Тонкая грань. Курьер 2. Том 1. Зимний сон
Том 1. Зимний сон
1
Так холодно в городе давно не было, беспощадный мороз щипал губы, нос и щеки. «Прощай навсегда…» – крутилось в голове. Он мерз в дурацком тонком пальтишке и глупо смеялся, раздражаясь на оледеневший асфальт. Ветер вдруг насыпал горсть блестящих снежинок. Смотреть на них было больно и очень весело одновременно. Подумал, что со своими длинными ногами он похож на пьяного журавля.
Правда состояла в том, что он и был пьяный журавль, а идти предстояло еще очень далеко. Зато «прощай навсегда» стало как приговор. И приговор окончательный, отвратительный, бьющий как плеть, но, увы, долгожданный. Пришло спокойствие. Хуже не будет, свершилось.
Остановился, поднял голову, увидел фонарь. Улица сужалась и уходила в неизвестную черную щель. Снег сыпал старательно и без перерывов. Чем дольше он смотрел на летящие снежинки, тем больше согревался. Выдохнул давно застрявший в горле колючий воздух. Рассмеялся, как безумный.
«Прощай, сука, навсегда. Я зол и я свободен».

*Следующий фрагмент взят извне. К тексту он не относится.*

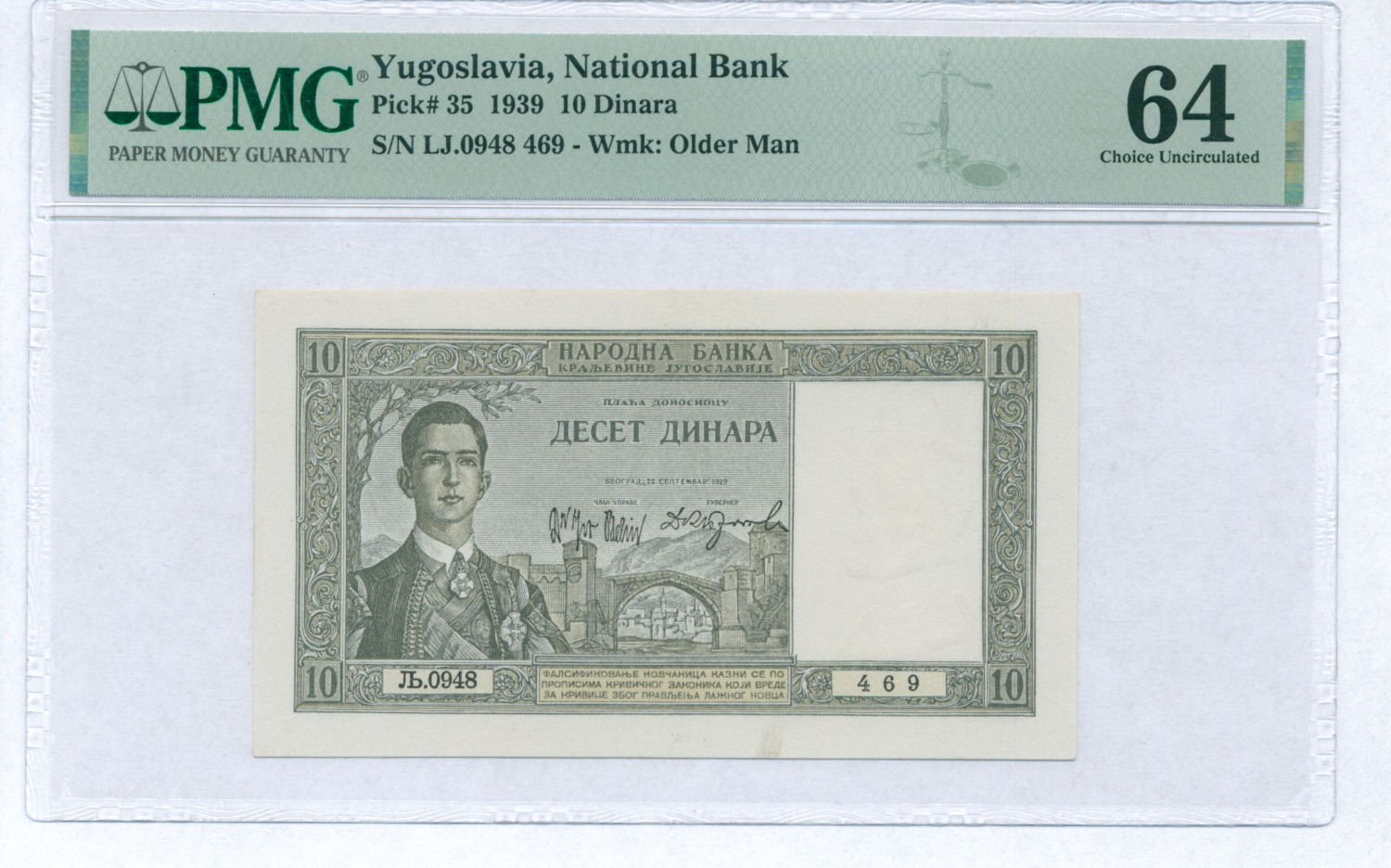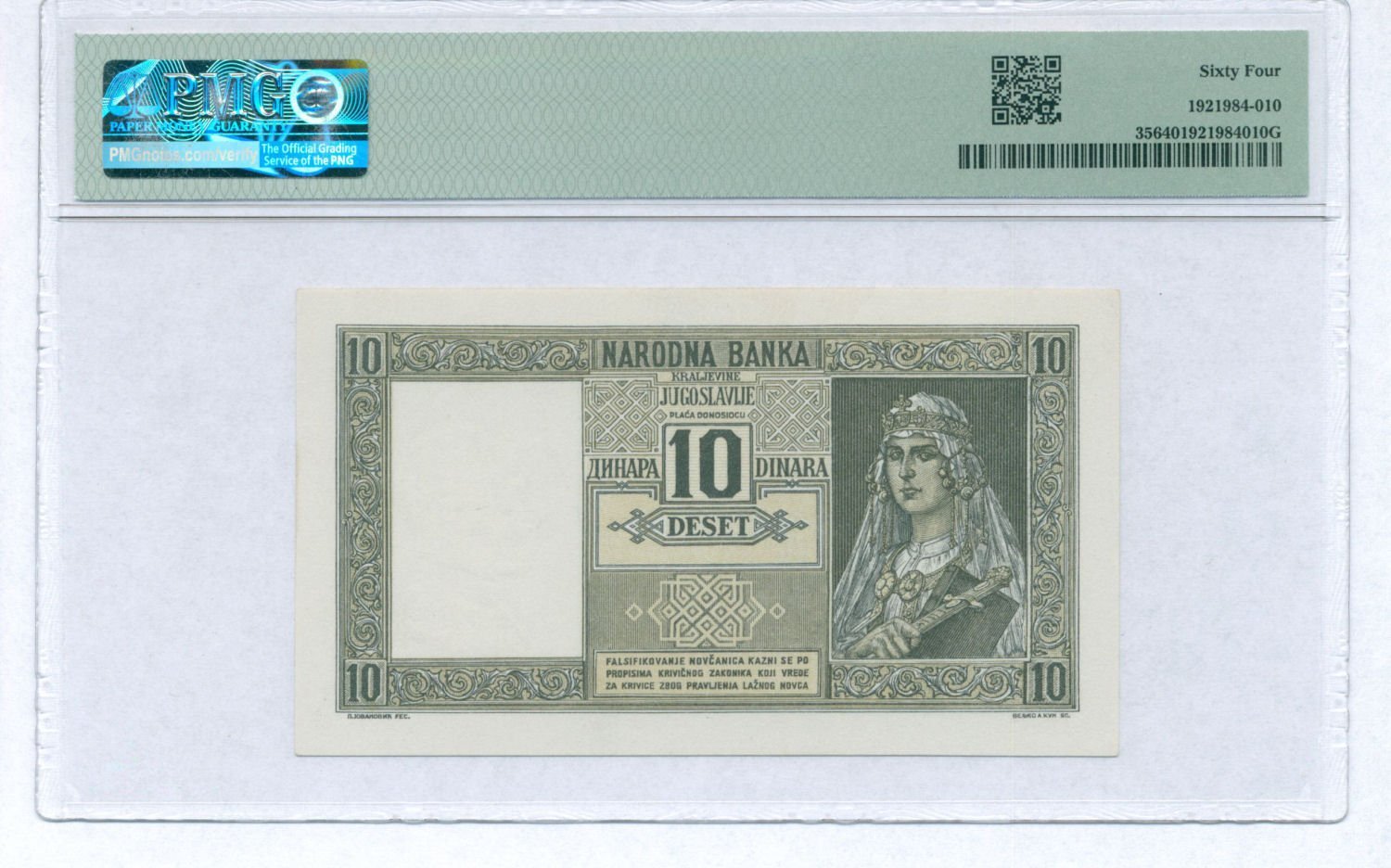 YUGOSLAVIA 10 dinara 1939 PMG 64
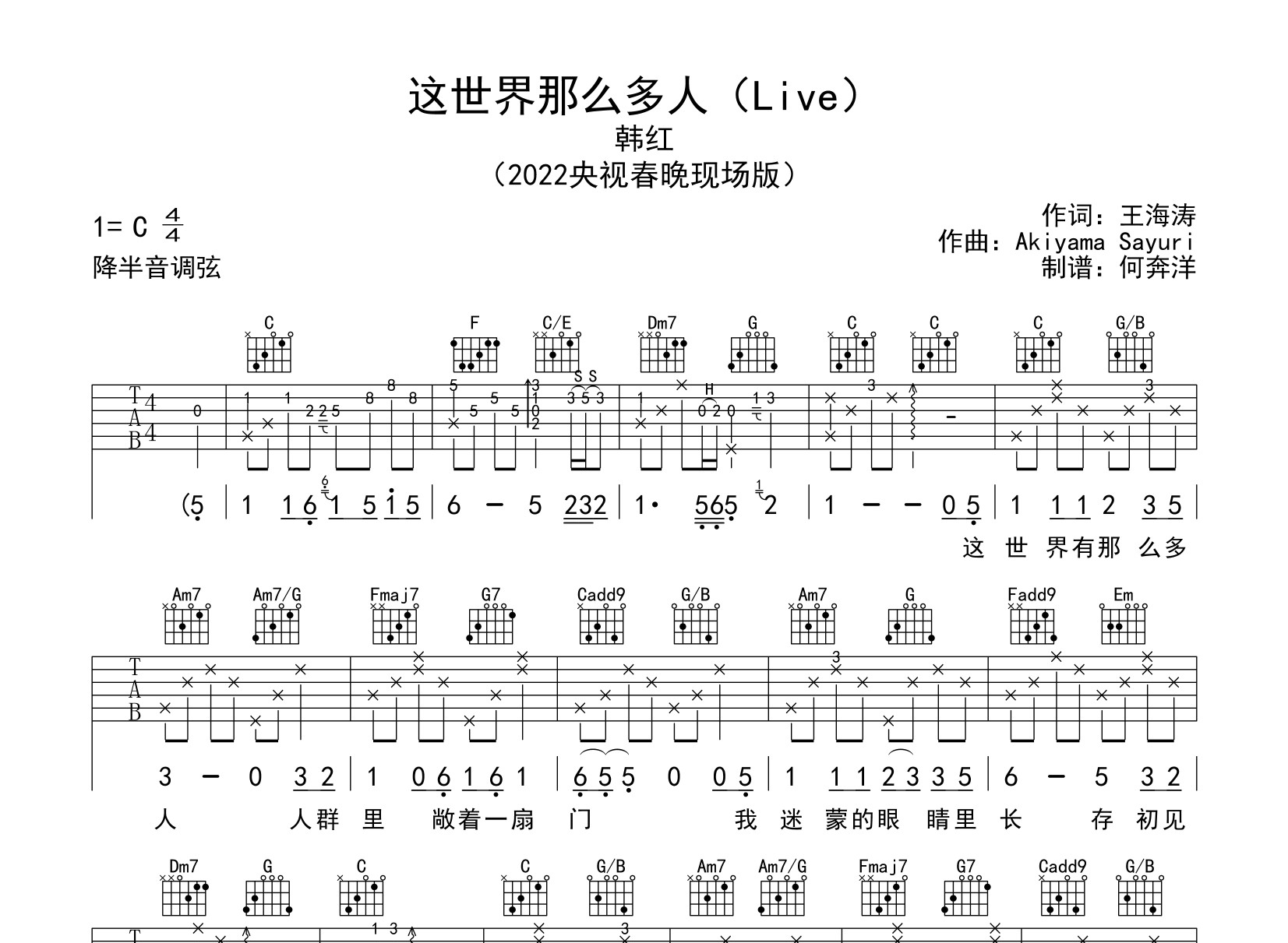 曲谱介绍: 韩红《这世界那么多人》吉他谱,2022春晚现场版,由何奔洋制谱,选用C调指法编配,《这世界那么多人》吉他弹唱谱,共两张高清图片谱,节奏4/4拍,弹唱难度较简单。 吉他弹唱预览音频:
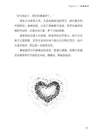 Chapter 1:终身学习 “补习结束了,你们都准备好了。” 那年大马教育文凭,凡是给她教过的同学,都在数学科 考到特优。被教的我,以后不再被数学迷惑,甚至在澳洲先 修班考试时,在满分两百里,拿下199的佳绩。 能拿到如此骄人的成绩,陈老师的功劳甚大。她不只在 教书方面称职,甚至在空佘时间不收分文的帮忙同学。她不 只是好老师,而且是一位超好良师。 看到被同学们缠着的陈老师,我满心感激。我情不自禁 的也像其他同学般的走向她,缠着她,和她叙叙旧。 39
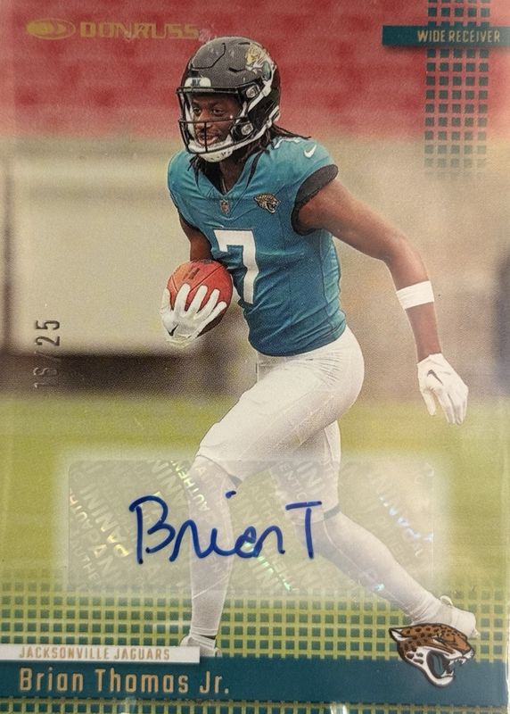 The Brian Thomas Jr. 2024 Donruss #31 Retro 2004 Autographs /25 Rookie card in Raw condition has not changed in price in the last 30 days and was last sold for $71.00 .
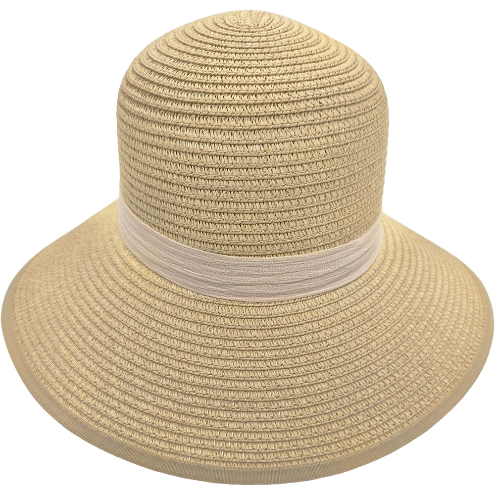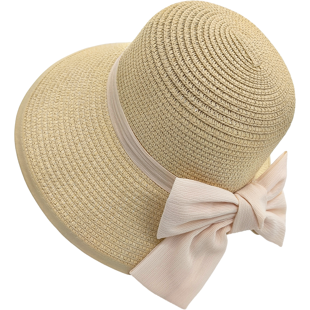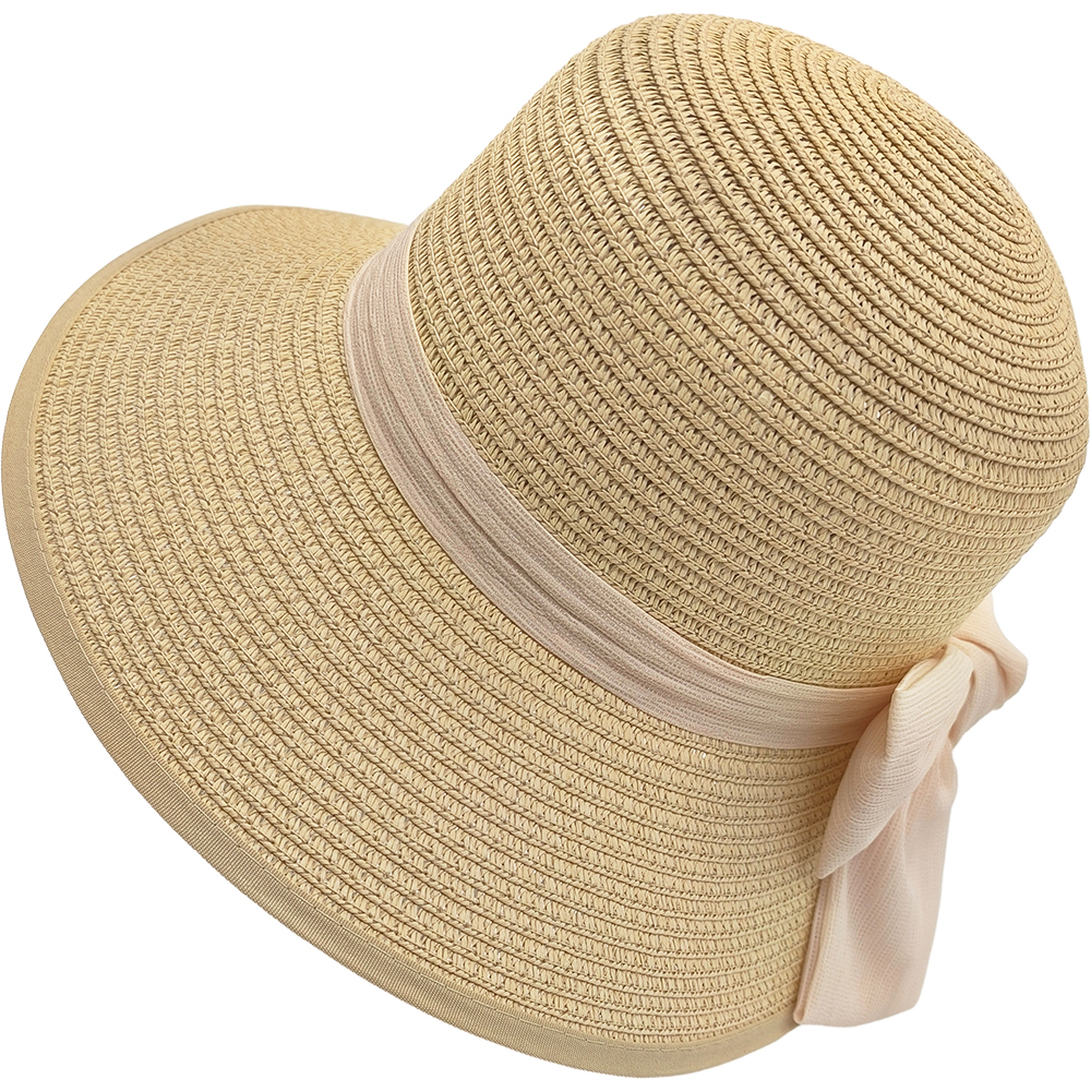 Καπέλο Γυναικείο Ψάθινο, Κώνος Με Γείσο & Κορδέλα Με Ροζ Φιόγκο Στο Πίσω Μέρος – Μπεζ Ανοιχτό

Он бы обнял весь этот спящий и холодный город и стал бы снегом, стал луной, уснул в этом сне, чтобы проснуться там, где не болит сердце и где нет тела. Это было бы замечательно – лететь снежинкой, отдаться ветру и утонуть в рое послушных капель, поглощенным ледяной романтикой. Вот и все, прощай навсегда…
Стало жарко, он расстегнул пальто, улетая вместе с потоком снега, несомого ветром прямо в неизвестную черную щель. Мир перестал быть реальным и превратился в трехмерную игру, нет, наверное, в четырехмерную, где лететь можно было куда угодно. Он вдруг увидел себя сверху, в расстёгнутом пальто, с растрёпанными волосами, с безумной улыбкой. Он выдыхал пар, как дракон выдыхает огонь; он пах виски, сигарой и женскими духами, он стоял такой беззащитный перед одиночеством, что не знал, как сделать следующий шаг.
Прощай навсегда, принцесса. Твой выбор, твой шаг, твоя жизнь.
Снег сыпал на его горящую макушку и холод превратился в тепло. «Ерунда, – махнул он упрямо головой, – надо просто дойти домой и больше не пить столько виски и все будет хорошо». Или не будет? Как там? Прощай навсегда…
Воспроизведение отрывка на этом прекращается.